» **Directions**
Nothing but the lines below from the one that contains "Ecume 2013 Non-tissé, durcisseur" through the one that contains "2 つに分かれており、OBP は緩和ケアの普及啓発に関する委託を担当する。2007" should be retyped, exactly and including both ends. Do not include pictures.

» **Data section**
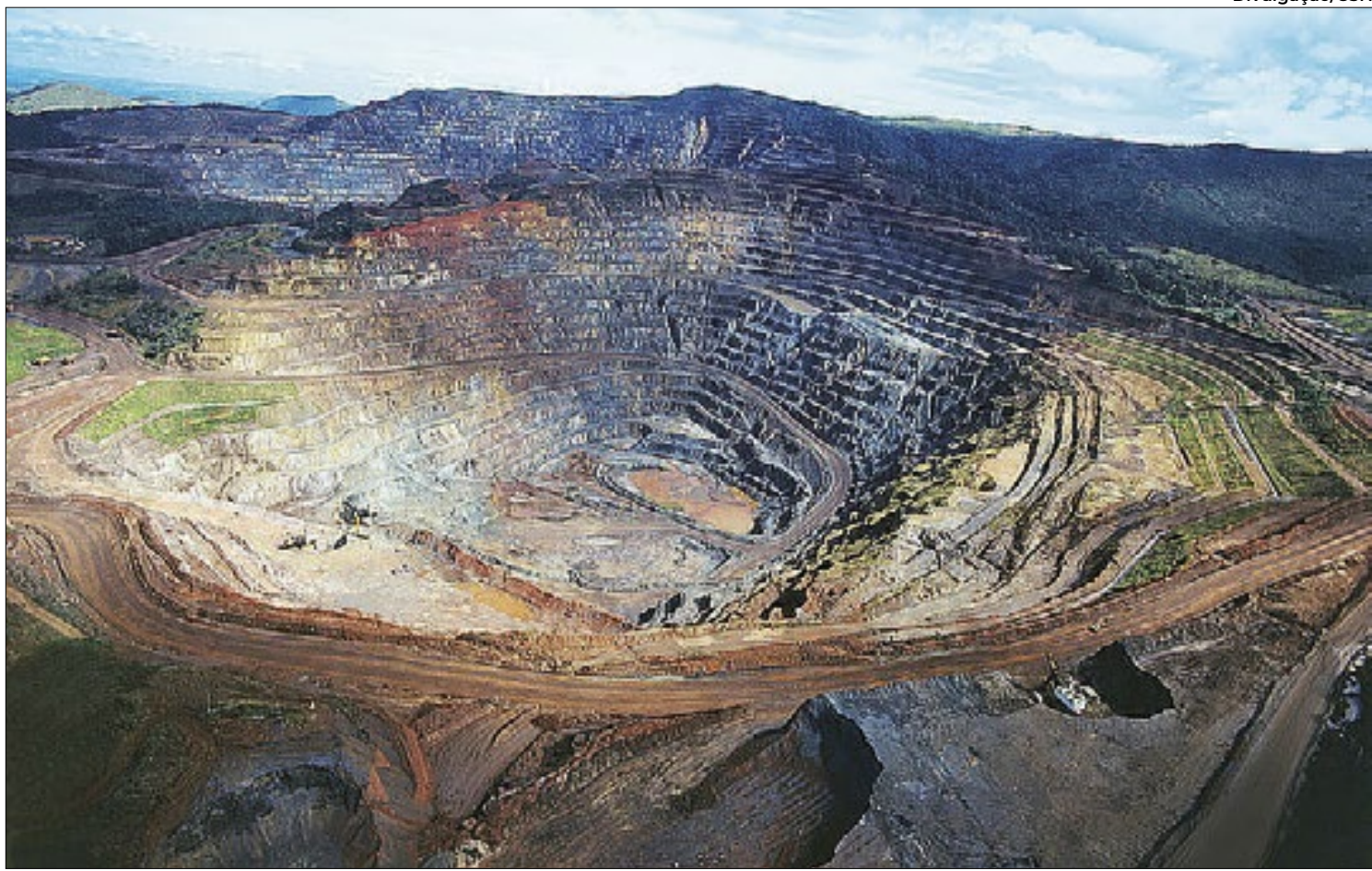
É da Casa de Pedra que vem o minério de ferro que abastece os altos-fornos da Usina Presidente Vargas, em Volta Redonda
==
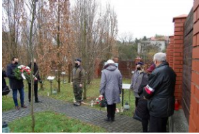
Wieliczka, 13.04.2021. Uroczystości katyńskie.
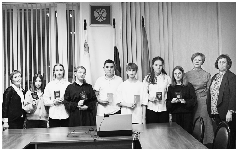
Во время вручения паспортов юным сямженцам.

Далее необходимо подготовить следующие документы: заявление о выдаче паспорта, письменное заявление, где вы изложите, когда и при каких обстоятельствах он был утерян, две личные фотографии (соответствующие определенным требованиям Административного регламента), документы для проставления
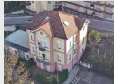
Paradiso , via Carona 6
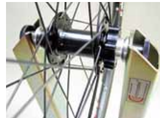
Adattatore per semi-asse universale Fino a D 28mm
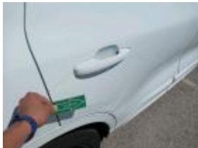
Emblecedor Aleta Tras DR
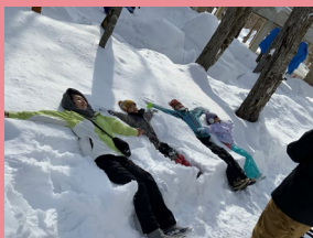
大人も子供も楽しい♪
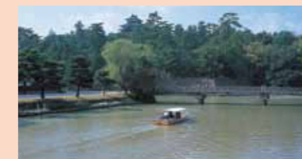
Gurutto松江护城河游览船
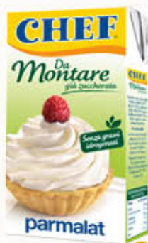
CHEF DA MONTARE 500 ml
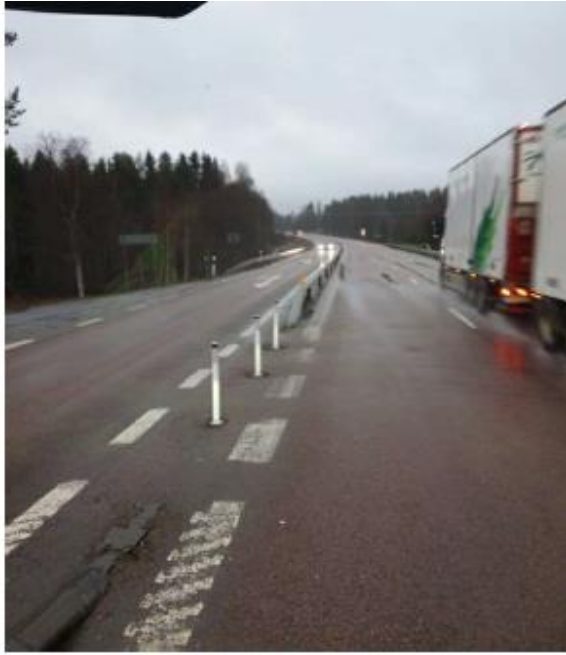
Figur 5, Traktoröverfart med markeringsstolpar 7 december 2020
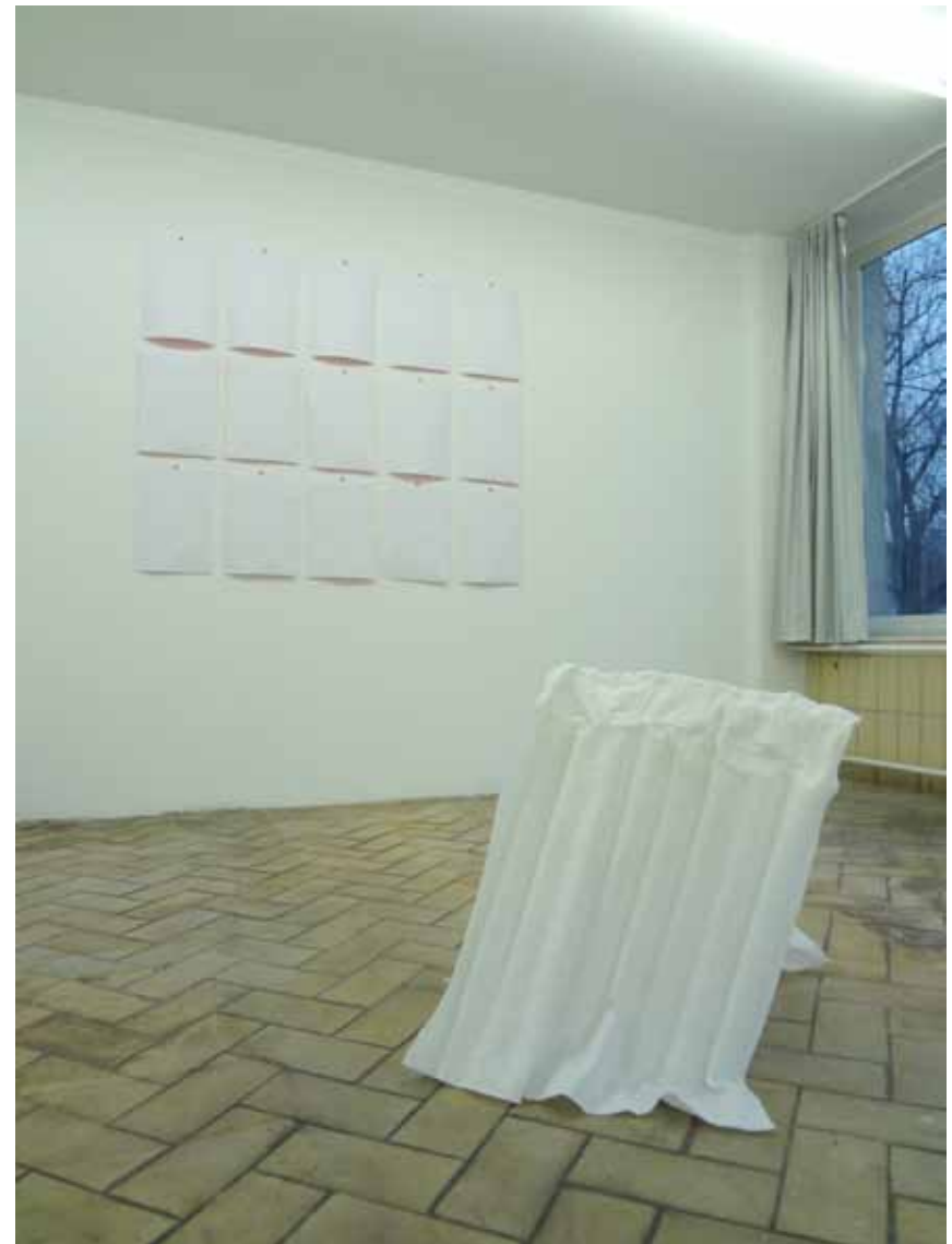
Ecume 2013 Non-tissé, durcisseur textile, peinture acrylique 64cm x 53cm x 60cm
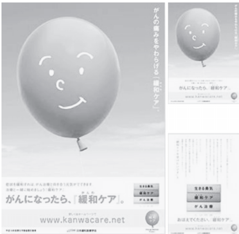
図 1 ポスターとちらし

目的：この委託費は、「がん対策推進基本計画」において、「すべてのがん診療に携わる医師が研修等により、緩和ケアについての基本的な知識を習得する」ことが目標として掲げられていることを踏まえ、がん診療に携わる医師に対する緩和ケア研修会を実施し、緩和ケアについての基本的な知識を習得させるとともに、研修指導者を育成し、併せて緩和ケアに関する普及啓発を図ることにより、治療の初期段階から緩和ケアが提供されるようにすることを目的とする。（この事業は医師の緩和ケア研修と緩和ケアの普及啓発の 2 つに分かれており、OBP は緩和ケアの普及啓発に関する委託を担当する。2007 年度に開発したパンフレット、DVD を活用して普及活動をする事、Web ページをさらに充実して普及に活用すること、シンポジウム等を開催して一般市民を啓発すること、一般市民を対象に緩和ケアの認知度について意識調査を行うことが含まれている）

» **Solution to this task**
Ecume 2013 Non-tissé, durcisseur textile, peinture acrylique 64cm x 53cm x 60cm
図 1 ポスターとちらし

目的：この委託費は、「がん対策推進基本計画」において、「すべてのがん診療に携わる医師が研修等により、緩和ケアについての基本的な知識を習得する」ことが目標として掲げられていることを踏まえ、がん診療に携わる医師に対する緩和ケア研修会を実施し、緩和ケアについての基本的な知識を習得させるとともに、研修指導者を育成し、併せて緩和ケアに関する普及啓発を図ることにより、治療の初期段階から緩和ケアが提供されるようにすることを目的とする。（この事業は医師の緩和ケア研修と緩和ケアの普及啓発の 2 つに分かれており、OBP は緩和ケアの普及啓発に関する委託を担当する。2007 年度に開発したパンフレット、DVD を活用して普及活動をする事、Web ページをさらに充実して普及に活用すること、シンポジウム等を開催して一般市民を啓発すること、一般市民を対象に緩和ケアの認知度について意識調査を行うことが含まれている）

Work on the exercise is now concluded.